Tuttavia per attività che sono state definite “particolarmente rischiose” i tempi di conservazione sono più ampi, ma è fatto divieto di superare i 7 giorni. Solo su istanza di parte, il Garante della Privacy, verificato quanto richiesto e le condizioni di fatto, potrà concedere un periodo di conservazione più ampio.
In concreto la maggior parte dei casi rientrano nella previsione delle 24 ore. Tale periodo, di fatto, si rivela insufficiente e vanifica in realtà la scelta di utilizzare questo sistema di sorveglianza là dove non sia possibile presidiare continuativamente il luogo da tutelare o non sia possibile rilevare immediatamente un reato.
In particolare si pensi ad un caso di furto: tale evento può essere rilevato anche dopo alcuni giorni e non nelle 24 ore successive all’evento. Altra problematica che sorge in merito alla breve durata di conservazione è senza dubbio legata al diritto di accesso dell’interessato oggetto della ripresa, previsto dall’art. 7 del codice privacy.

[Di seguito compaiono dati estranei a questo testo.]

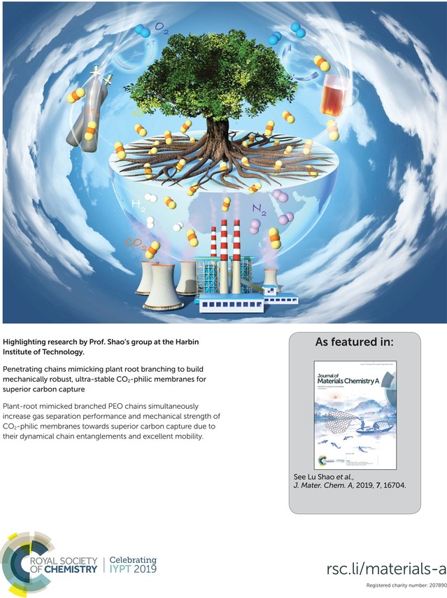 近日,公司公海赌赌船官网jc710教授、城市水资源与水环境国家重点实验室成员邵路课题组在合成高渗透性、高强度CO2亲和性分离膜方向取得重要研究成果,该成果通过在交联聚氧化乙烯(PEO)分离膜中原位生成支化的穿插分子,实现了对PEO分离膜气体渗透性能和机械性能的同步提高。研究成果以仿植物根系穿插分子链构筑高强度、高稳定性CO2气体分离膜(Penetrating chains mimicking plant root branching to build mechanically robust, ultra-stable CO2-philic membranes for superior carbon capture)为题,发表在国际著名期刊《材料化学A》(Journal of Materials Chemistry A,影响因子10.733),并被选为当期杂志背封面(Back cover)。
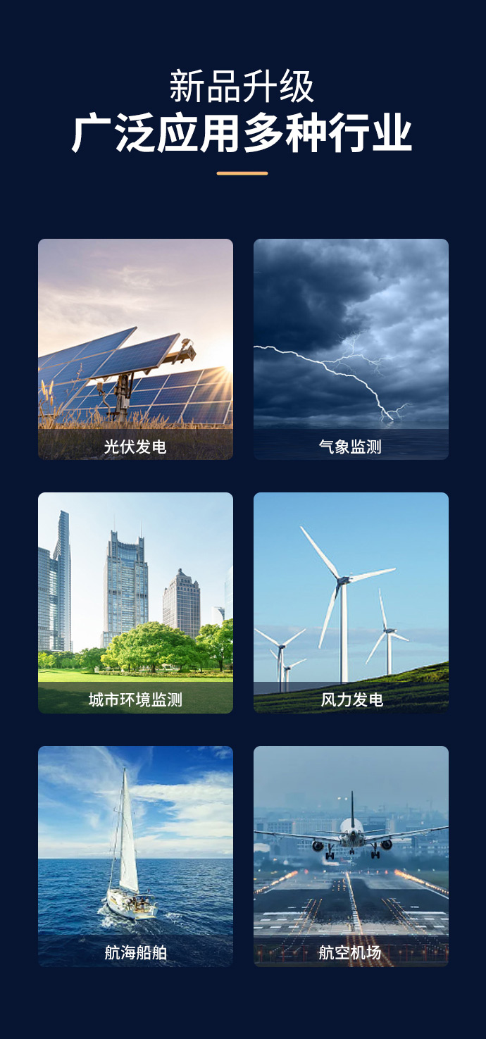 我司作为专业研发生产销售微型气象仪的企业,一直致力于微型气象仪和气象环境解决方案推广应用。具有完整的生产链、实力雄厚的技术团队和全面的营销团队,我们研发生产的超声波风速风向仪、五要素微气象仪、六要素微气象仪和小型自动气象站等气象产品,已广泛应用到光伏发电、气象监测、城市环境监测、风力发电、航海船舶、航空机场、桥梁隧道等领域,客户遍布全国各地,并取得了良好的社会效益和经济效益。

Quest’ultimo in qualsiasi momento può fare richiesta di accesso ai propri dati, ma si vedrà negare la richiesta nel caso sia trascorso il lasso di tempo sopra indicato. La situazione appare del tutto illogica nei casi reati quali aggressione: con la sovra registrazione delle immagini si perderà una prova o addirittura l’unico mezzo per individuare l’aggressore.
Molte volte, infatti, il soggetto aggredito procedere subito dopo l’evento alla denuncia presso le Autorità e non a fare la richiesta di accesso. Come ben si comprende, alla fine questa situazione porta i titolari dell’impianto di videosorveglianza a mantenere oltre i limiti concessi le medesime immagini. Sebbene ciò non sia lecito, dall’altro rileva un’incoerenza normativa di fondo, e una discrasia tra realtà (le effettive esigenze dei soggetti) e legge.